When patching what’s the difference between arguments -p0 and -p1

patch

What's the difference between patch -p0 and patch -p1?

Is there any difference at all?

Best Answer

The most common way to create a patch is to run the diff command or some version control's built-in diff-like command. Sometimes, you're just comparing two files, and you run diff like this:

diff -u version_by_alice.txt version_by_bob.txt >alice_to_bob.patch

Then you get a patch that contains changes for one file and doesn't contain a file name at all. When you apply that patch, you need to specify which file you want to apply it to:

patch <alice_to_bob.patch version2_by_alice.txt

Often, you're comparing two versions of a whole multi-file project contained in a directory. A typical invocation of diff looks like this:

diff -ru old_version new_version >some.patch

Then the patch contains file names, given in header lines like diff -ru old_version/dir/file new_version/dir/file. You need to tell patch to strip the prefix (old_version or new_version) from the file name. That's what -p1 means: strip one level of directory.

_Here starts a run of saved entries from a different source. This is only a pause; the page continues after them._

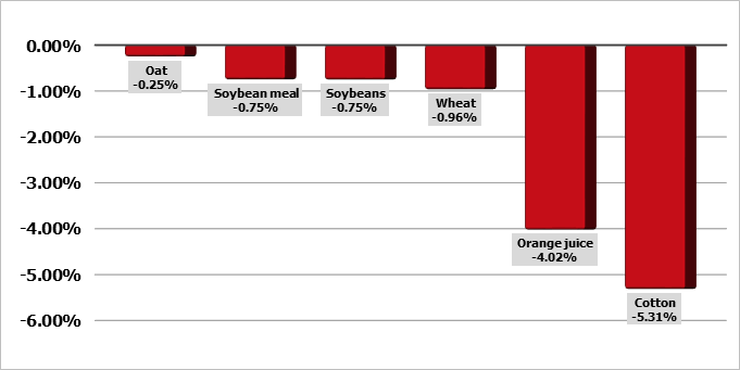 Урожаи пшеницы в 2022 и 2021 годах будут самыми низкими с 1,606 миллиарда бушелей в 2002 году. С 2012 по 2021 год урожай пшеницы составлял в среднем 1,987 миллиарда бушелей в год. Цены на соевые фьючерсы упали на 46 центов за бушель до 13,64 ¾ доллара. Производство яровой и твердой пшеницы в этом году составило 546 млн бушелей, что на 48% больше, чем в прошлом году. В августе Министерство сельского хозяйства США оценило урожай яровой и твердой пшеницы в сумме на уровне 586 миллионов бушелей, но немного снизило его в сводке по мелкому зерну, опубликованной в пятницу, что является последним взглядом на урожай пшеницы до января.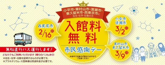 【多摩六都科学館】 運営する5市を対象とした「市民感謝デー」開催(2月16日、3月2日・9日入館無料)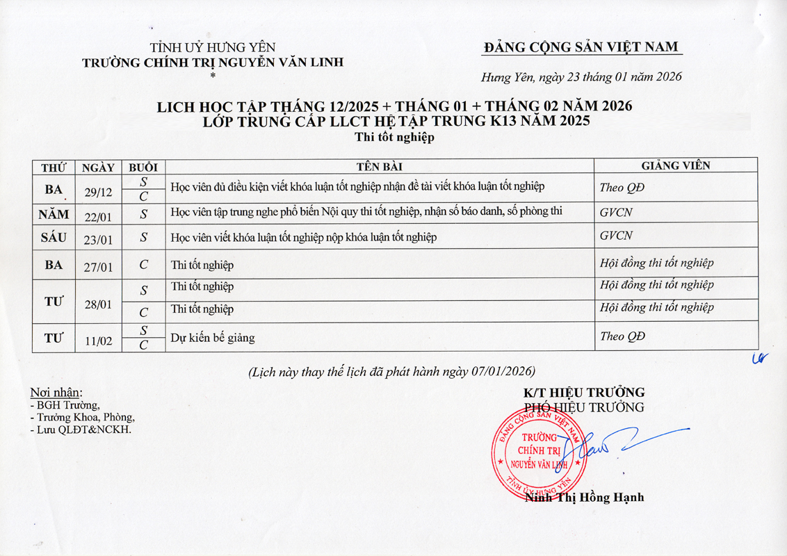 Lịch học tập tháng 01 năm 2026 các lớp TCLLCT

Sometimes, the header lines in the patch contain the file name directly with no lead-up. This is common with version control systems; for example cvs diff produces header lines that look like diff -r1.42 foo. Then there is no prefix to strip, so you must specify -p0.

In the special case when there are no subdirectories in the trees that you're comparing, no -p option is necessary: patch will discard all the directory part of the file names. But most of the time, you do need either -p0 or -p1, depending on how the patch was produced.